Electronic properties of nanowire superlattices in the presence of strain and magnetic-field effects

A calculation of the effective electron barrier potential in quantum-wire superlattices subject to magnetic-field and strain effects is presented. It is shown that, besides the lateral-confinement contributions to the barrier potential emphasized by the authors in earlier work (Lew Yan Voon and Willatzen 2003 J. Appl. Phys. 93 9997; Lew Yan Voon et al 2004 J. Appl. Phys. 96 4660), strong contributions from strain (lattice mismatch) may be present as well. This is due to the fact that strain values can be several percent in heterostructures while electron deformation potentials are of the order of 10 eV. It is also shown that Landau and Landé magnetic-field contributions become important at magnetic fields of 10 T or higher. The driving force behind the lateral-confinement and the Landau magnetic-field contributions is the same, namely, the electron effective-mass difference in the two material constituents forming the superlattice structure; however, the dependences of the two contributions on lateral dimensions are inverse squared and squared, respectively.
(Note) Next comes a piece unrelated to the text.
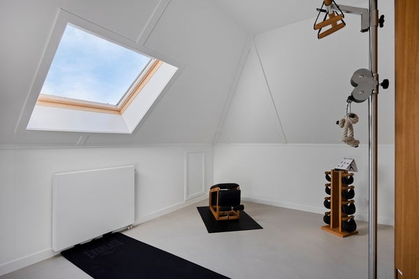 Voor sportliefhebbers is de vierde kamer ingericht als een privé-gym, waar de luxueuze uitstraling van de gehele woning prachtig wordt voortgezet. Uitgerust met hoogwaardige designapparatuur van NOHRD, vormt deze ruimte de ideale plek om in stijl en comfort te trainen.

Similarly, the driving force behind the Landé magnetic-field contribution, being independent of lateral dimensions, is the difference in electron g factors between the two material constituents. We note that, for InAs/GaAs nanowire superlattices, it is possible to tune the effective barrier potential around 0 for cross-sectional dimensions of 5–6 nm by use of a magnetic field. Further, since the effective barrier potential is different for spin-up and spin-down polarized electrons, magnetic-field tuning can be used to separate spin-up and spin-down electrons in quantum-wire superlattices.